▶ [Dataset content]:
====

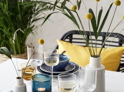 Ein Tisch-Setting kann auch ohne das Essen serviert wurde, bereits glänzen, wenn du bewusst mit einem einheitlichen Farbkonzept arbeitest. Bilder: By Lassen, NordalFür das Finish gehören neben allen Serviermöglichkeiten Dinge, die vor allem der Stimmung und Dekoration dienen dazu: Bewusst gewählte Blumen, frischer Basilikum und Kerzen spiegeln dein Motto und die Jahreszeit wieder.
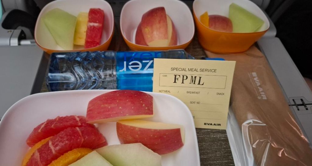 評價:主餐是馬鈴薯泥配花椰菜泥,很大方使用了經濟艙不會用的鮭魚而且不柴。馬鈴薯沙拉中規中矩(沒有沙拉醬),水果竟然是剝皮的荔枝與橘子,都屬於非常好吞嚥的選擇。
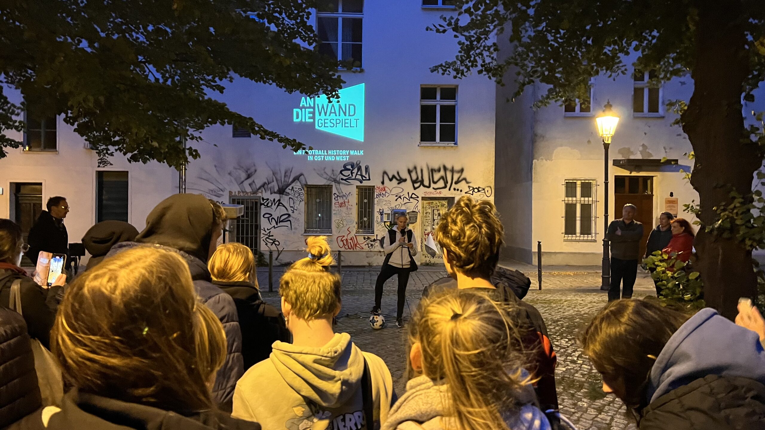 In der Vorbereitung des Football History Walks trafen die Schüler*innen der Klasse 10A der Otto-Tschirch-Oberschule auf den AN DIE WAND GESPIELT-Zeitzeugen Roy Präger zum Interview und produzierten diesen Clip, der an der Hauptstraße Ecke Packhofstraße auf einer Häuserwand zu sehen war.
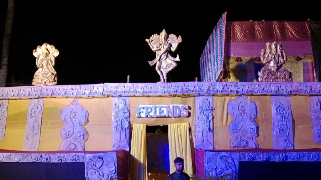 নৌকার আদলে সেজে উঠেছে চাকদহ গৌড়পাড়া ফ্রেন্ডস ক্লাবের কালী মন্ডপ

====

▶ [Task instructions]:
Without the pictures, write out every line above exactly as it appears.

▶ [Response to the task]:
 Ein Tisch-Setting kann auch ohne das Essen serviert wurde, bereits glänzen, wenn du bewusst mit einem einheitlichen Farbkonzept arbeitest. Bilder: By Lassen, NordalFür das Finish gehören neben allen Serviermöglichkeiten Dinge, die vor allem der Stimmung und Dekoration dienen dazu: Bewusst gewählte Blumen, frischer Basilikum und Kerzen spiegeln dein Motto und die Jahreszeit wieder.
 評價:主餐是馬鈴薯泥配花椰菜泥,很大方使用了經濟艙不會用的鮭魚而且不柴。馬鈴薯沙拉中規中矩(沒有沙拉醬),水果竟然是剝皮的荔枝與橘子,都屬於非常好吞嚥的選擇。
 In der Vorbereitung des Football History Walks trafen die Schüler*innen der Klasse 10A der Otto-Tschirch-Oberschule auf den AN DIE WAND GESPIELT-Zeitzeugen Roy Präger zum Interview und produzierten diesen Clip, der an der Hauptstraße Ecke Packhofstraße auf einer Häuserwand zu sehen war.
 নৌকার আদলে সেজে উঠেছে চাকদহ গৌড়পাড়া ফ্রেন্ডস ক্লাবের কালী মন্ডপ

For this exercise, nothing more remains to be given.